[SUPPLIED DATA Boundary: Start]

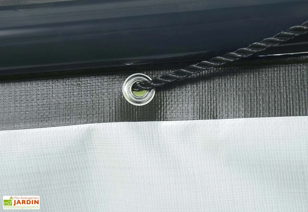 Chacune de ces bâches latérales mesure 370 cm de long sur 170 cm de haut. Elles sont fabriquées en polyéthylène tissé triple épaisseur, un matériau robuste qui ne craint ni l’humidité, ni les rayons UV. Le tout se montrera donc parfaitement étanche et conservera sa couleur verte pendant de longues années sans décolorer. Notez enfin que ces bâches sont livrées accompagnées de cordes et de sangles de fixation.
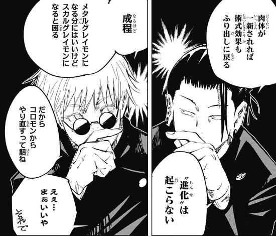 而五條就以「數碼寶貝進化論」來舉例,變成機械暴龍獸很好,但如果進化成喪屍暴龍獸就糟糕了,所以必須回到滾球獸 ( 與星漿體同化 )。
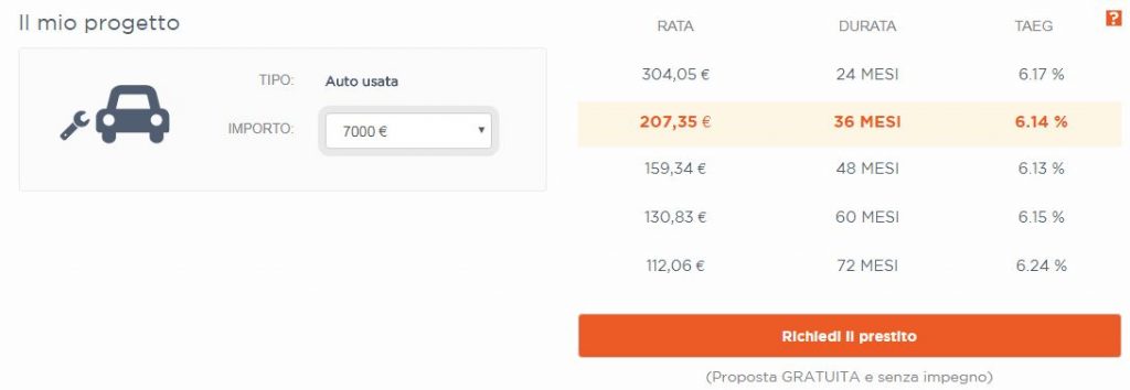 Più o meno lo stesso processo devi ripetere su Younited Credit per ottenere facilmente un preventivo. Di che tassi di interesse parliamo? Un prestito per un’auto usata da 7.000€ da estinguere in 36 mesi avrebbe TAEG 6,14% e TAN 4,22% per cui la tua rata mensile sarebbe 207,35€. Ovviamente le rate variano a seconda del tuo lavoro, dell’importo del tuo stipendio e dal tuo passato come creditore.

[SUPPLIED DATA Boundary: End]

-- WHAT YOU HAVE TO DO --
Your answer should set down the listing verbatim and leave out its images.

-- ANSWER FOR THE TASK --
 Chacune de ces bâches latérales mesure 370 cm de long sur 170 cm de haut. Elles sont fabriquées en polyéthylène tissé triple épaisseur, un matériau robuste qui ne craint ni l’humidité, ni les rayons UV. Le tout se montrera donc parfaitement étanche et conservera sa couleur verte pendant de longues années sans décolorer. Notez enfin que ces bâches sont livrées accompagnées de cordes et de sangles de fixation.
 而五條就以「數碼寶貝進化論」來舉例,變成機械暴龍獸很好,但如果進化成喪屍暴龍獸就糟糕了,所以必須回到滾球獸 ( 與星漿體同化 )。
 Più o meno lo stesso processo devi ripetere su Younited Credit per ottenere facilmente un preventivo. Di che tassi di interesse parliamo? Un prestito per un’auto usata da 7.000€ da estinguere in 36 mesi avrebbe TAEG 6,14% e TAN 4,22% per cui la tua rata mensile sarebbe 207,35€. Ovviamente le rate variano a seconda del tuo lavoro, dell’importo del tuo stipendio e dal tuo passato come creditore.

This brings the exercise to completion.